So after a few months, I’ve made an interesting observation about my location. I desperately wanted to open a neighborhood joint - a restaurant with a gritty feel where my family greeted the tables and people acted as if they were at home. I’m in a fairly affluent suburb of Kansas City and have observed that most of my guests have very little appreciation for gritty. They have been trained to appreciate the “Appleebees” experience (for lack of a better term). They expect to be greeted by a well-dressed 18 YO immediately when the come in the door, they expect their server to give them a prepared speel about the appetizers in a robotic voice, they expect perfectly round pizzas with evenly spaced toppings, etc. I’ve adapted and it’s going fine, it’s just interesting.
My wife and kids were in Minneapolis last weekend and ate at a great place called Fat Lorenzos. It had a really gritty neighborhood feel to it which I loved. But, I’m confident my clientele would not.
I feel like, if I’d opened in mid-town KC, it would be a completely different restaurant. Funny how different people can be.
Anyone else have this experience?
You’re absolutely right. Every location has its own little “quirks”. What is right at home and works well in one location, doesn’t work at all in another location. The same can be said for the pizzas too. This is why it is so important for a new operator to get to know the area where he/she is looking to open a new store before making any solid commitments. This is the very reason why the big chains have such a problem in New York City, while the independants continue to do quite well. The same might be said for trying to push thick crust pizzas in St. Louis too. We’ve got a place here in Manhattan (Kansas) where they bring bowls of peanuts to the tables and you’re supposed to drop the shells onto the floor (great looking floor) due to the polishing and peanut oil from all of those shells. Now, fast forward, I’m in another city, similar type of place, casual, plank wood floors, bowls of peanuts at the tables. After eating several handfulls of peanuts and dropping the shells onto the floor, I get a dirty look from one of the srevers, then she brings us an empty bowl and says “this is for the peanut shells”. Oops…Sorry! It was only then that I did notice that the other tables had a larger bowl for the shells and two smaller bowls for the peanuts. Our table didn’t have the larger bowl. Go figure.
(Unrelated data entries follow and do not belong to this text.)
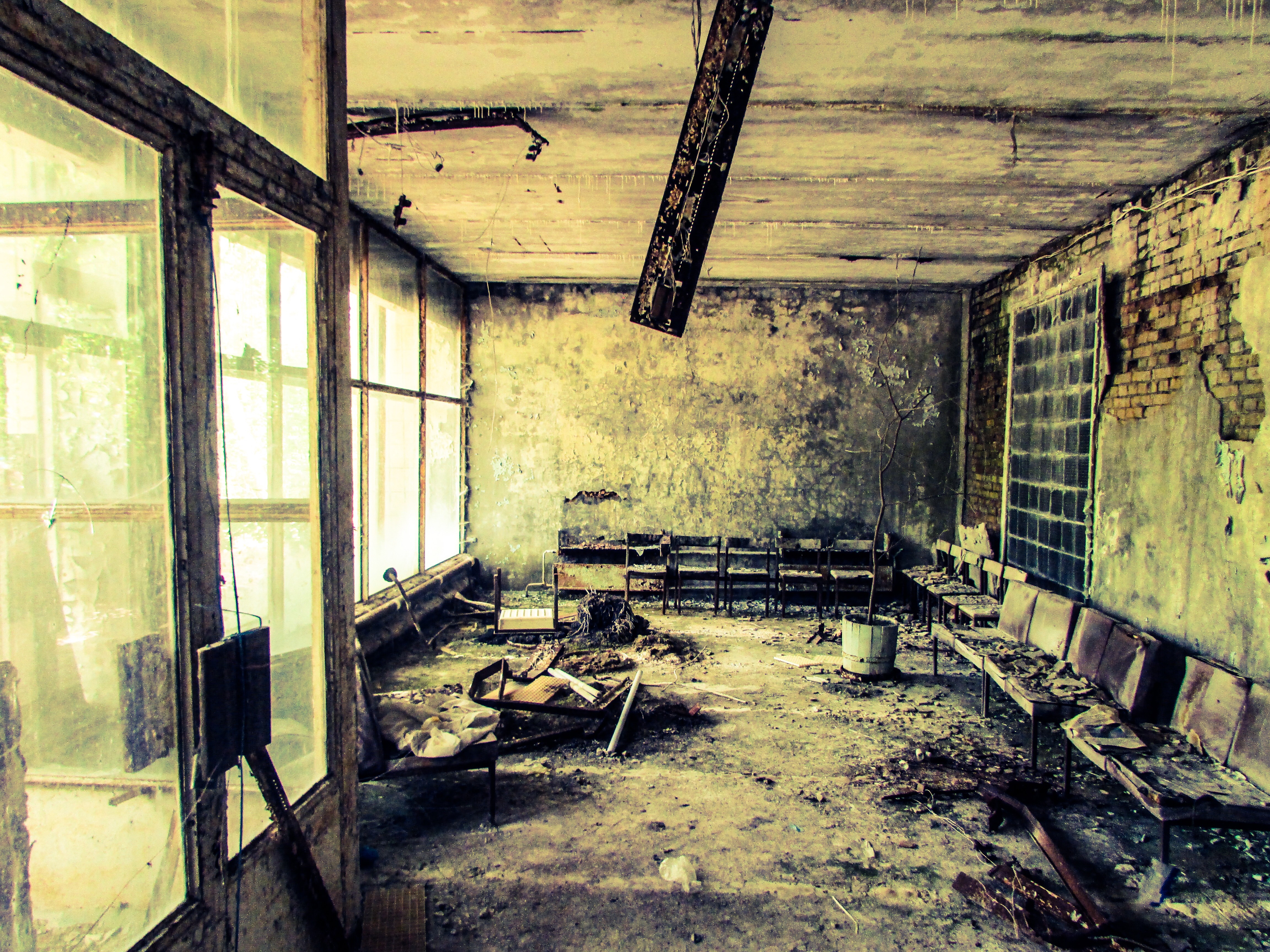 Som ellers i Pripyat er det institusjonene som er mest spennende å besøke i dag. Bolighusene inneholdt ikke så mye mer enn noen møbler, men skolene, kinoene og kafeene var de mest forseggjorte.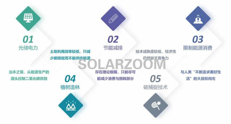 在SOLARZOOM新能源智庫看來,2060碳中和的最終實現(xiàn)方法不僅僅是風(fēng)光儲和植樹造林,還包括節(jié)能減排、限制能源消費、碳捕捉技術(shù)。但在實現(xiàn)2060碳中和的5大方法中,確實是風(fēng)光儲和植樹造林的效果最好。這與習(xí)總書記的講話內(nèi)容高度一致。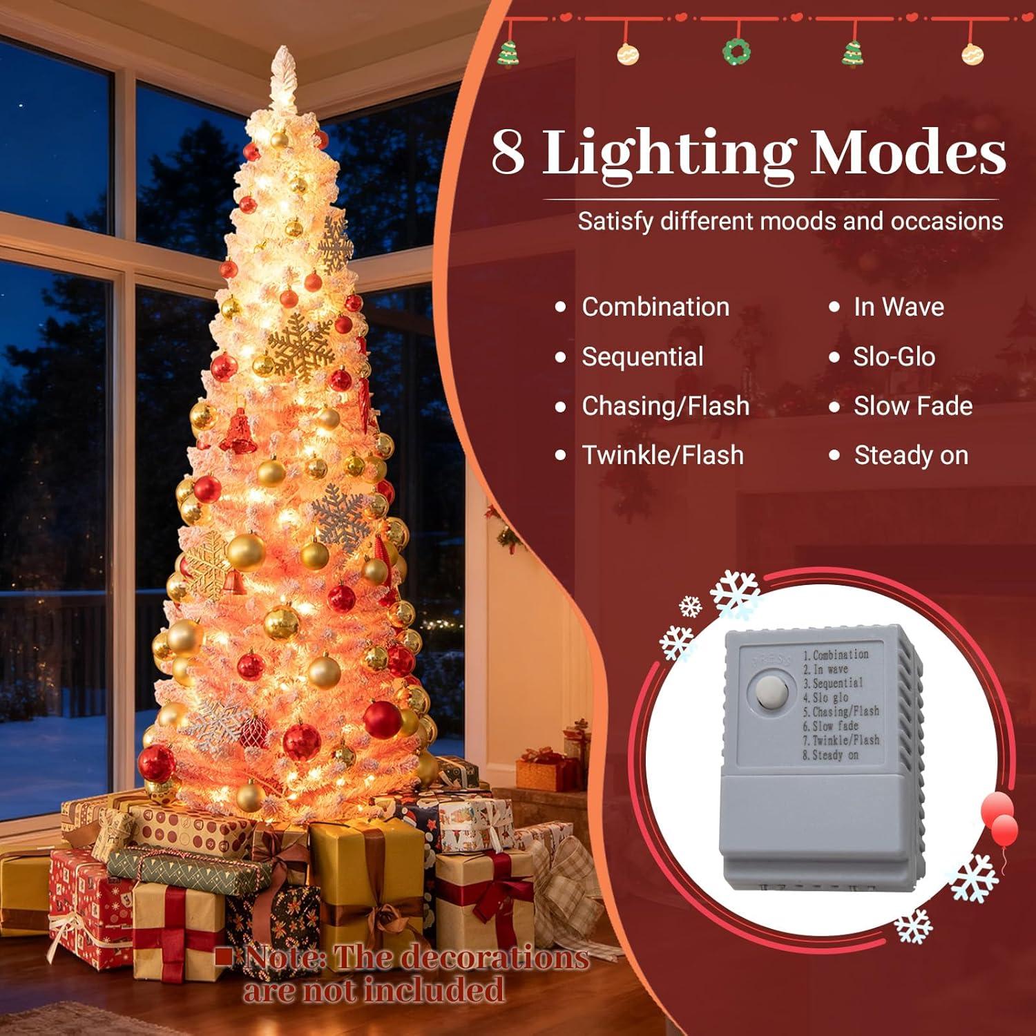 Versatile Lighting Options: The pre-lit Xmas tree is pre-strung with 140 warm white LED lights that distribute a soft, inviting glow throughout your space. With 8 lighting modes to select from, you can create everything from gentle twinkling to a steady shine, satisfying different moods and occasions.

Tom Lehmann/The Dough Doctor
I used to have a take out italian spot in the hood. But near the hospital, allot of cops started eating there. But allot of our business right off the bat was dope boys and just black people. working class and bums.
Our stuff was higher end, cost allot and they didnt care. It took maybe 6 months until I saw a white face, then we got more and more.
Here is my fear, Im starting another place, from stratch and its going to be in a white middle class area and I get the fear those people are only into Taco Bell’s $2 Menu. It seems like when you have money you dont spend it or care on the quality. If you dont have money you will spend on something nice tasting.
This is scaring me! Am I totally off base?? Is it something I kinda notice driving around that every franchises window art is all $3!!! $5 Sub!! $4 Lunches! and still that place isn’t packed? But the mom and pops, do they even trust them or try them on a daily basis?
Does anyone agree? Has anyone notice this? Am I totally off and stop worrying?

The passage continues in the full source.